我々の地上在庫の分析によれば、この地上在庫の量は確かに非常に大きなものであり、そのために生産コストを割り込むような価格のマーケットになっていると言える。我々の2013年の供給不足の数字を考慮すると2014年年初現在の地上在庫の推定はプラチナは1046日分、パラジウムは879日分にもなる。ただ特にプラチナはほとんど動かない在庫が多いこともあり、ある程度の地上在庫が掃ければ、価格には上昇圧力がかかるだろう。全体的には、マーケットが上昇するには大方の期待以上の時間がかかると思われる。
■プラチナ ? 自動車触媒需要は若干の増加
プラチナの需要の見込みは比較的しっかり。2014年は投資需要を除いて、プラチナ需要は前年と比べて3%の成長。2013年もいまだぱっとしなかったヨーロッパの自動車触媒需要も2014年にはある程度の回復を予想。また宝飾需要は好調を維持し、2014年は5%の成長を予想。
■パラジウム ? 自動車触媒需要は大きく成長を予想
パラジウムに関する限り、その鍵を握るのはガソリンの触媒需要である。我々の世界の自動車販売数予想ではガソリンエンジンへの偏りが、欧州の自動車販売の弱さからの影響を受けずに新興国での自動車(ガソリン車)需要や比較的しっかりした中国での需要、米国の自動車販売の回復などの恩恵を多いに受けることになろう。2014年の世界での自動車生産は8290万台となり、中国が前年比15%の伸びで1890万台、米国が5%伸びて1060万台となる予想。重要なのはガソリン車が2013年のシェアは78%を維持し、パラジウムの触媒需要は530mio toz(約165トン)へと増加し、前年比8%との伸びを予想。その他の需要を含んだ総需要は770mio toz(約239トン)となり2年連続史上最大の需要を更新するだろう。

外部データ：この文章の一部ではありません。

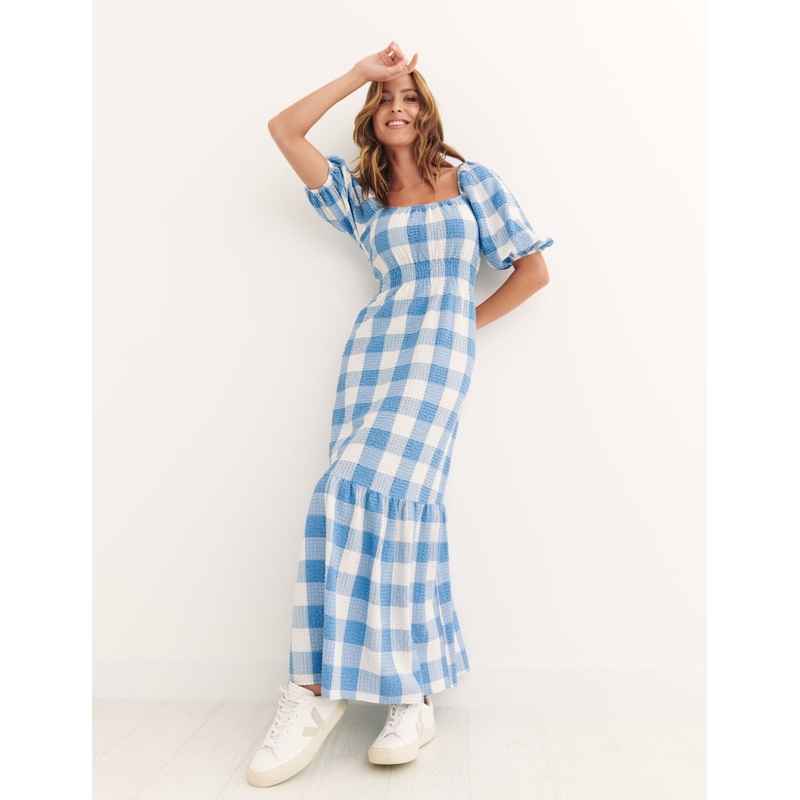 Easy to wear and even better to style, this gingham Charlie maxi dress will be the one you wear all season long. It features a relaxed frame that nips in at the waist, puff sleeves and a tiered hemline for balance. The perennial print placed on soft seersu
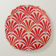 Art Deco-ventilatorpatroon - rood op parelgrijs Rond Kussen
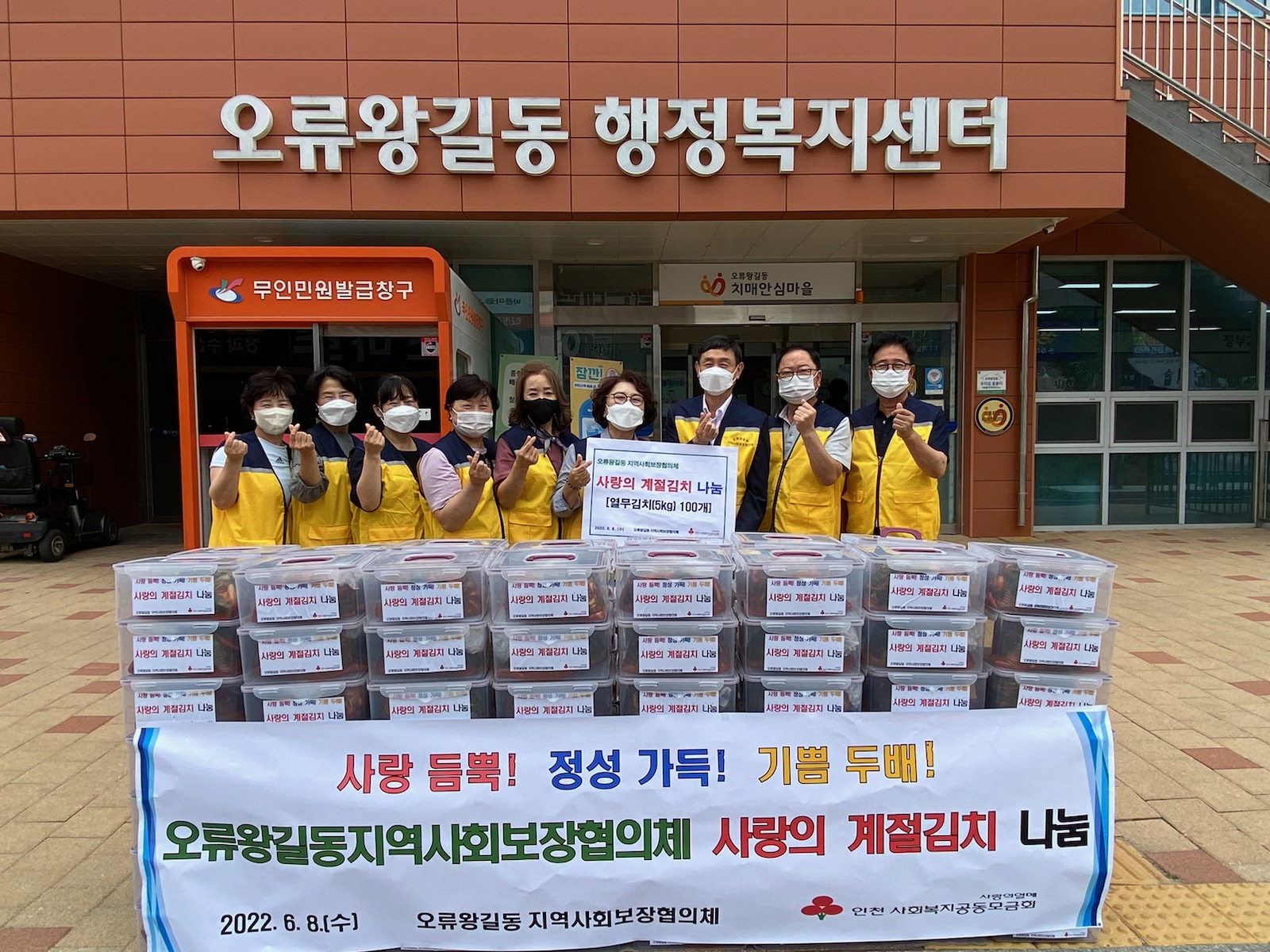 오류왕길동지역사회보장협의체는 매년 저소득층의 영양보충 및 부식마련에 대한 경제적 부담 완화를 위해 사랑의 계절김치 나눔 사업을 추진하고 있다.

■中国のプラチナ需要は価格の影響が大きく、パラジウムにはアノマリー
中国はプラチナ宝飾のマーケットにおいては支配的な地位にあり、世界のプラチナ宝飾需要の70%を占める。宝飾需要は総需要の中の30%。2012年から中国のプラチナ輸入はそれ以前にも増して、価格に敏感に反応するようになりました。プラチナの輸入量と価格の関係は下のFigure 7にはっきりと現れています。
パラジウムに関しては2013年11月まではわずか645k toz(約20トン)の輸入であった。2012の同期は615k toz(約19トン)、2011年は874k toz(約27.1トン)。中国のパラジウムの輸入は、中国の自動車生産が増加しているのにもかかわらず減少しています。中国の自動車生産は2011年は1-11月で1670万台だったものが、2012年の同期には1750万台に増加、2013年は1998万台へと増加しています。
このアノマリーの理由として考えられるのは
1.税関のパラジウム輸入の数字が過少申告になっている。
2.中国が明らかにパラジウムの在庫を抱えている。
3.自動車生産が現在の見込みよりも少ない。
4.パラジウムのリサイクルによる供給がマーケットの認識よりも多い。
1と4の理由がもっともありえるものと我々は考えている。750ドルを超えるところでは、抵抗線があると考える。このレベルを超えるところではロシアの輸出が活発になるからだ。同時に自動車触媒需要もしっかりしているので、パラジウムのサポートは670ドル当たりになるだろう。